Das ging über Jahrzehnte gut. Doch nun ist die erste Generation der Spenderkinder erwachsen und stellt unbequeme Fragen, wo die Eltern dem Mediziner mit Babyfotos und Geburtsanzeigen bislang nur mit einem Dankeschön begegneten. Zu diesen unbequemen Fragen verweist Katzorke auf die Anonymitäts-Zusage. Obschon Urteile des Bundesgerichtshofs und UN-Kinderrechtskonvention klar besagen: Das Recht des Kindes auf Kenntnis der eigenen Abstammung habe vor allen konkurrierenden Absprachen Vorrang. Damit wackelt die Anonymität. Und das Oberlandesgericht Hamm, vor dem die Geschichtsstudentin Sarah P. derzeit gegen Katzorke ins Feld zieht, um den Namen ihres biologischen Vaters zu erfahren, scheint der Argumentation der Klägerin folgen zu wollen.
Wie andere Spenderkinder, die sich im Internet Eiskinder nennen, weil der Samen der Väter aus auf 196 Grad gekühlten Stickstofftanks stammt, ist sie erwachsen geworden. Sie will sehen, wie die andere Hälfte, der sie vielleicht Augen und Nasenform verdankt, aussieht, will die eigenen Marotten im väterlichen Gegenüber wiederfinden und wissen: Welche Erbkrankheiten könnte ich haben?

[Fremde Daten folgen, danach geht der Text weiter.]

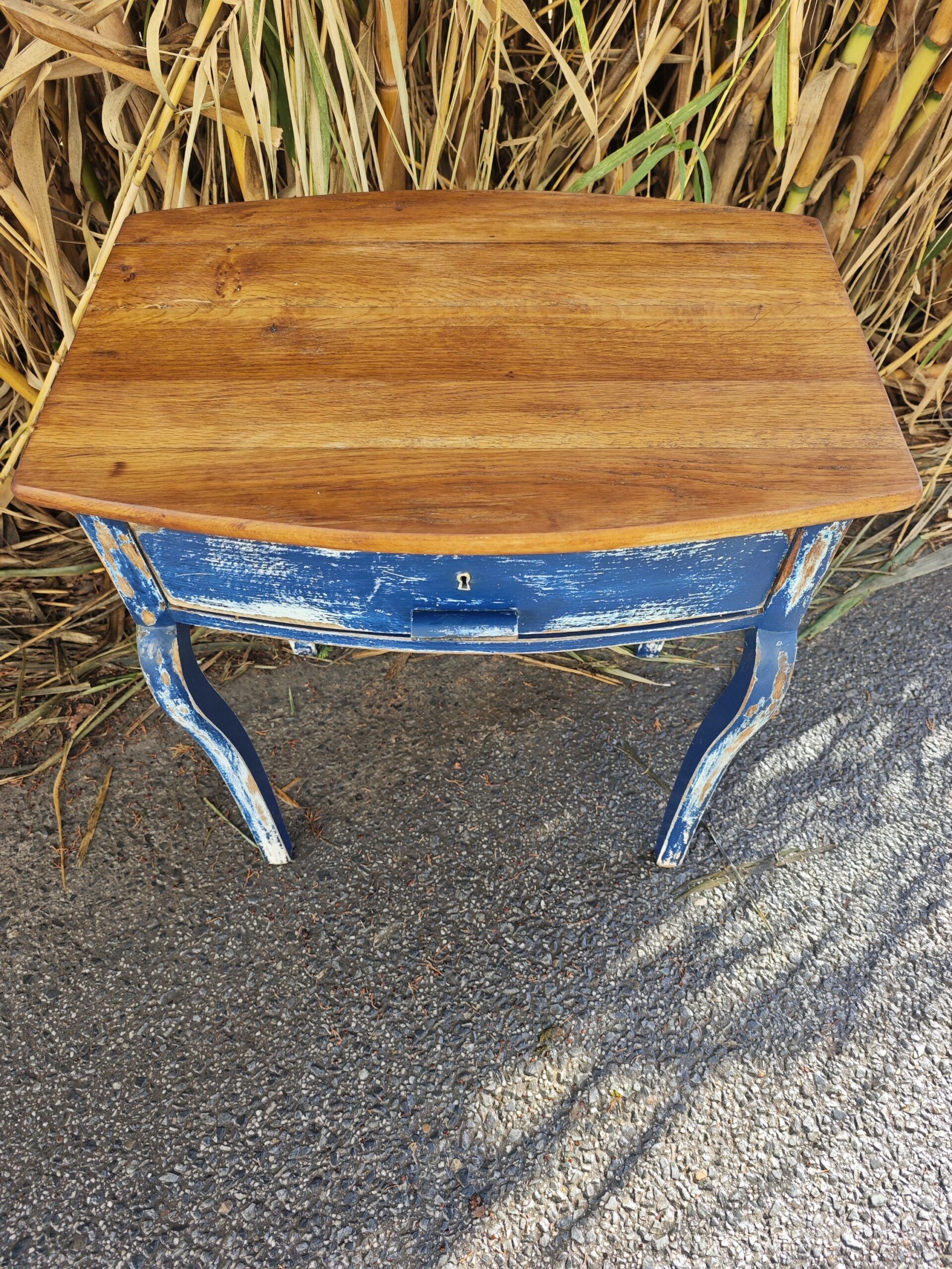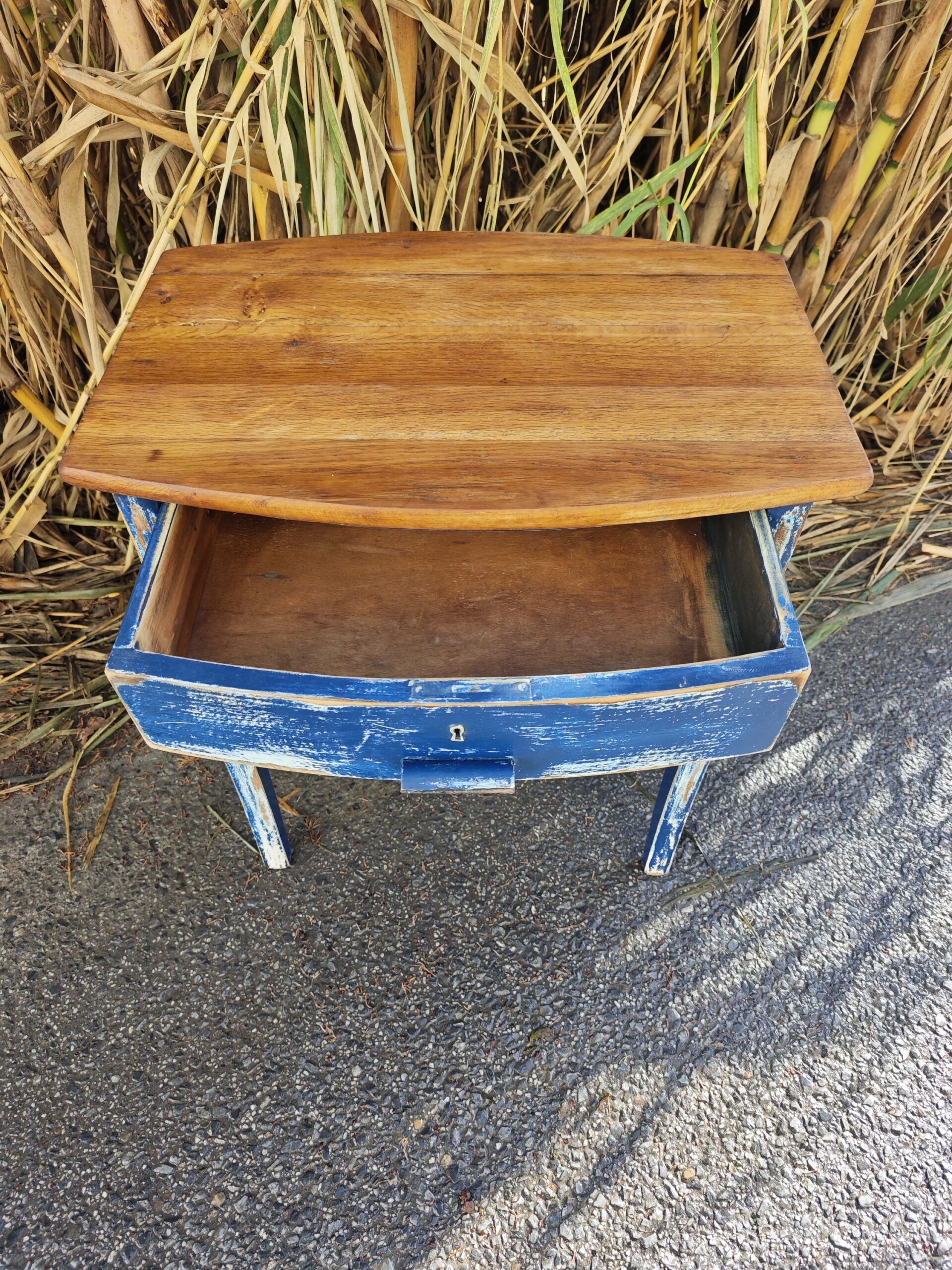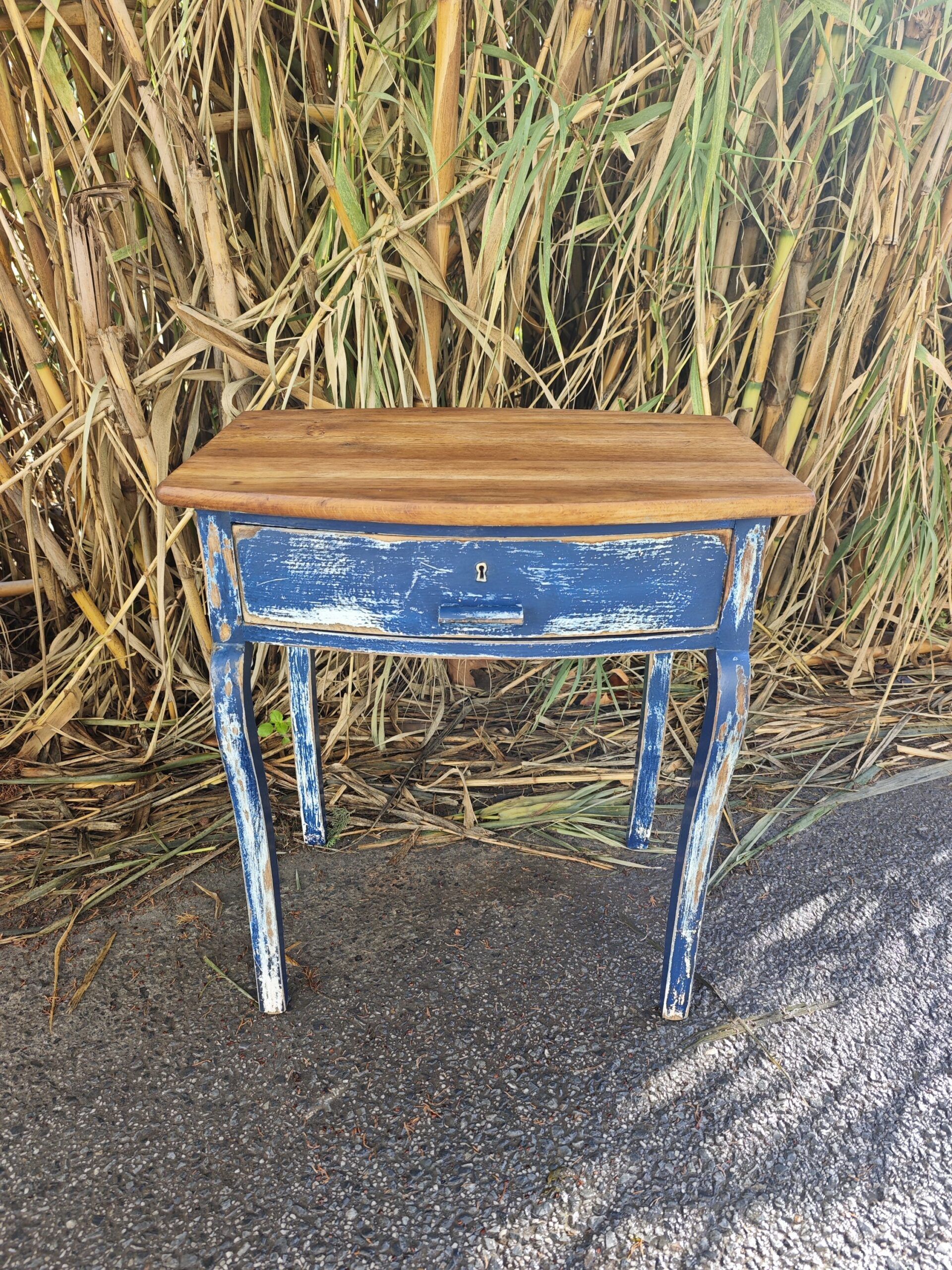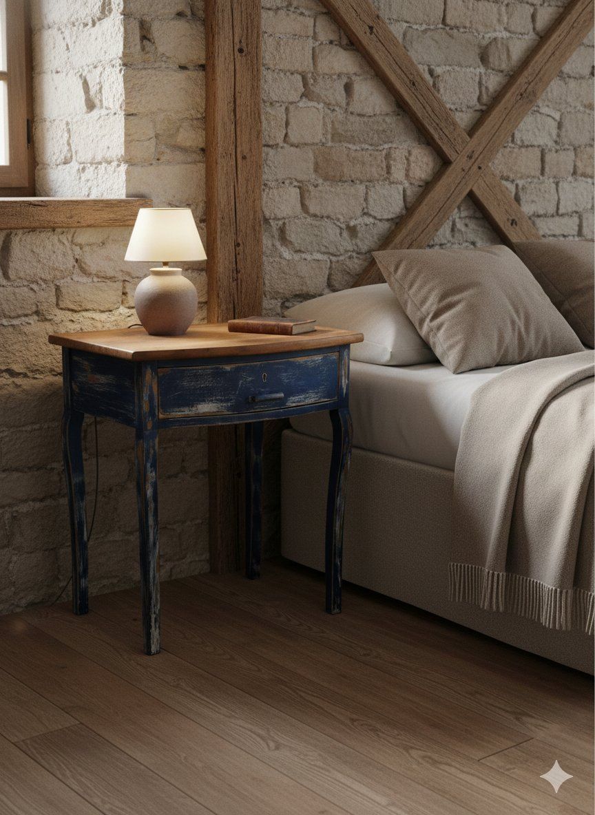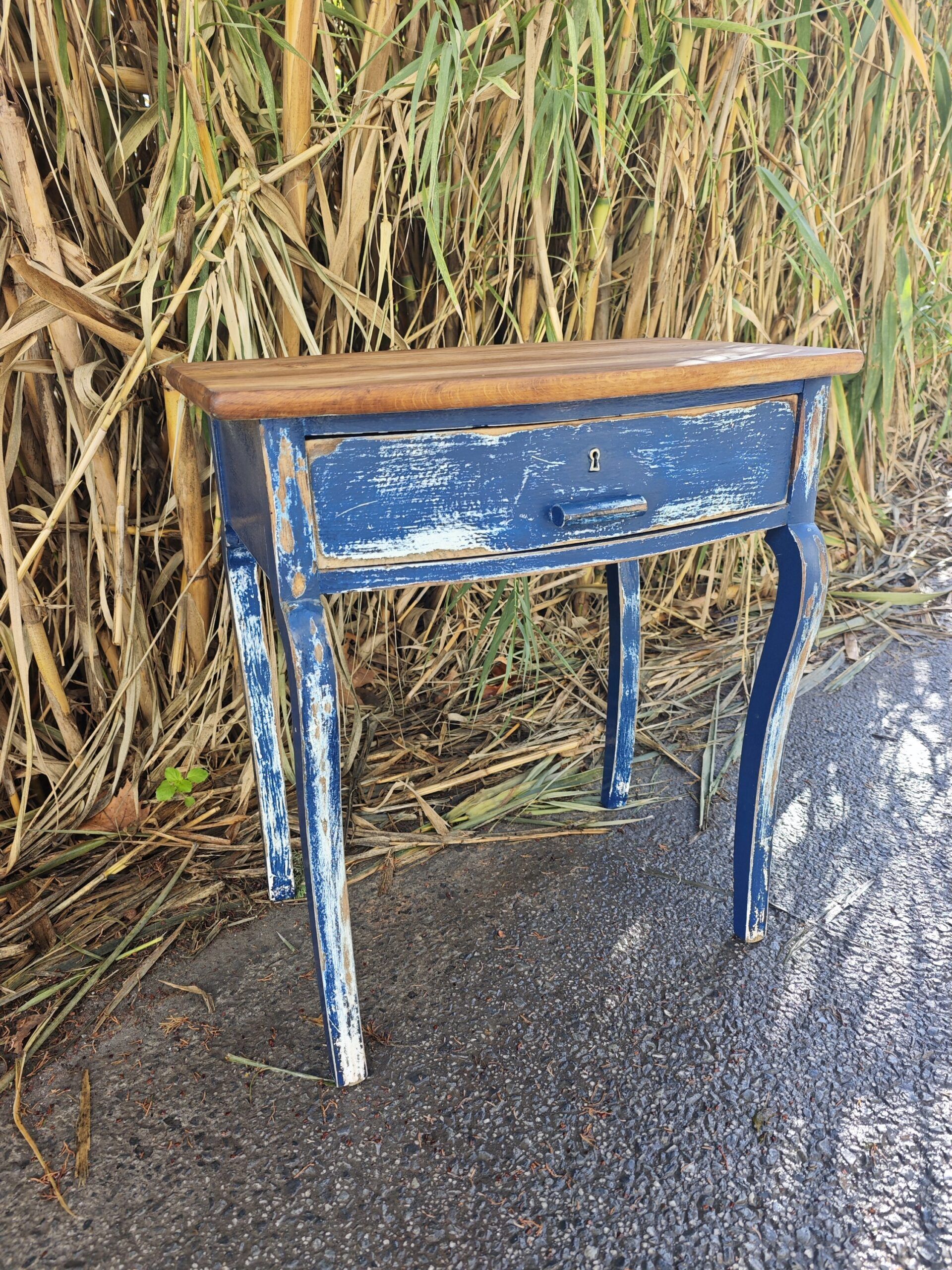 Esta pieza única combina la nobleza del nogal con el encanto del desgaste. Su estructura firme y proporciones equilibradas la convierten en una compañera versátil: perfecta como mesita auxiliar, recibidor o rincón de lectura. El frente azul del cajón, con su pintura desgastada y cerradura central, evoca historias pasadas y añade un toque poético a cualquier espacio.

Auch Katja treiben diese Fragen um. Auch sie wandte sich mit der Bitte um Nennung des Namens an Katzorke, traf ihn: „Es war ein freundliches Gespräch, in dem man mir Interesse, aber kein Verständnis für das Bedürfnis nach Informationen entgegengebracht hat.“ Klagen wollte sie nicht. „Mir war schnell klar, dass ich dann nicht mehr anonym bleiben kann und meine Eltern in die Öffentlichkeit geraten, wo ich sie nicht hinzwingen möchte.“
Der Weg ist in der Tat steinig. Seit vier Jahren ringt Sarah P. mit Katzorke um die Wahrheit, weiß mittlerweile immerhin, dass Spender Nummer 261 ihr Vater sein könnte. Vor Gericht allerdings hatte Katzorke betont, einige Unterlagen aus den 80ern seien verschwunden, als man nach dem Tod des Notars die Kartei mit den Namen an anderer Stelle habe unterbringen müssen. Sarah P. will das nicht glauben.

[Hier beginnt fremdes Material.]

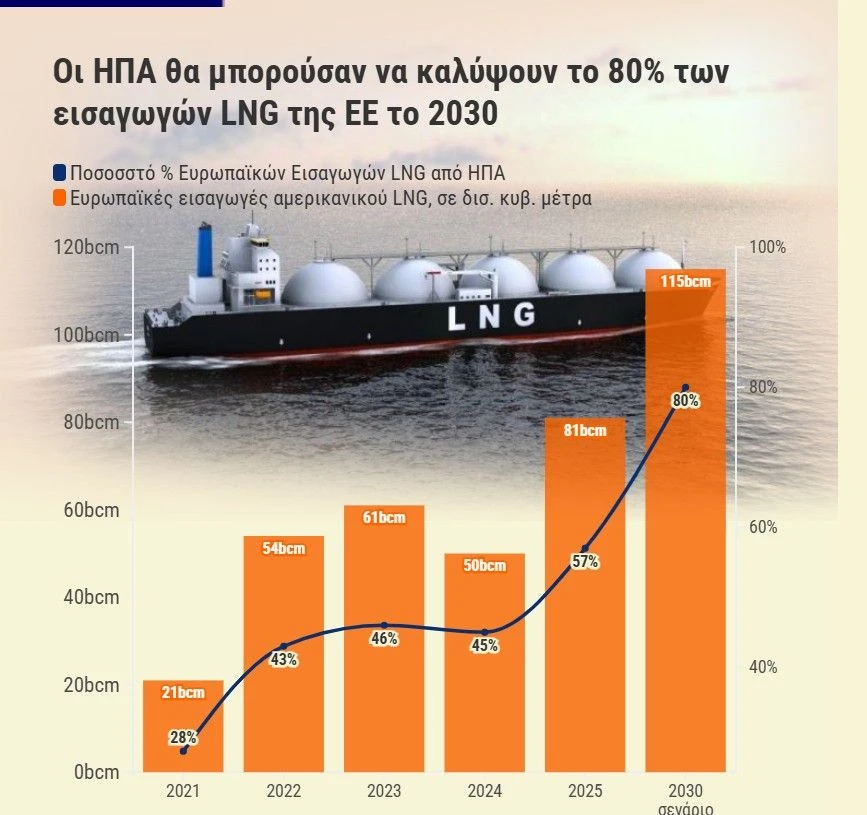 Ήδη σύμφωνα με στοιχεία του Institute for Energy Economics and Financial Analysis το αμερικανικό LNG που εισήχθη στην Ε.Ε. το 2025 αυξήθηκε στα 81 δισ. κυβικά μέτρα από μόλις 21 δισ. κυβικά μέτρα το 2021. Όταν το ρωσικό φυσικό αέριο έχει βουτήξει… το 2025 στα 37 δισ. κ.μ. από 151 δισ. κ.μ. το 2021.

Bleibt der Essener Arzt bei seiner starren Haltung, droht ihm ein Zwangsgeld, im schlimmsten Falle gar Zwangshaft. Denn die „Zeitbombe“, wie er die potenzielle Gefahr durch die Spenderkinder und ihren Auskunftswunsch vor Jahren noch in einem Interview bezeichnet hatte, sie tickt weiter. Unklar ist, wie viele mit Samenspenden gezeugte Kinder über den Umstand ihrer Zeugung informiert sind. Fest steht, dass Deutschland im Vergleich zu anderen Ländern ein rechtsfreier Raum ist.